I found a pic of a similar tank on petco's website









any ideas??

~Will.


----------



## DrewBoOty (Nov 23, 2002)

you might want to read THIS..


----------



## 14_blast (Oct 6, 2003)

Good info, Drew.

iLLwiLL, I always liked clowntriggers, but they do get big...it may outgrow your tank.


----------



## garybusey (Mar 19, 2003)

14_blast said:


> Good info, Drew.
> 
> iLLwiLL, I always liked clowntriggers, but they do get big...it may outgrow your tank.


 Outgrow? That tank is WAY to small for him to be in PERIOD. No Offence ILLWILL But you are going to have to get wimpy fish or an Eel.

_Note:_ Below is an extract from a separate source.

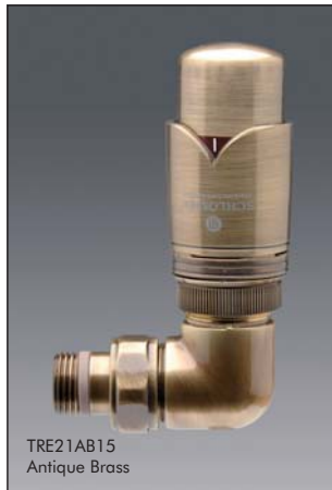
TRE21AB15 Antique Brass

A 46 G bowfront, has no swimming room for agressive fish....


----------



## Andrew (Mar 3, 2003)

You could put one Dwarf lionfish, or one of any type of frogfish/scorpionfish, or one small eel.


----------



## nitrofish (Jan 14, 2003)

I like psudochromis's, they have nice bright colors


----------



## sweet lu (Oct 3, 2003)

could someone post a pic of a scorpion fish.if they look good then i might get one. i have a pet scorpion.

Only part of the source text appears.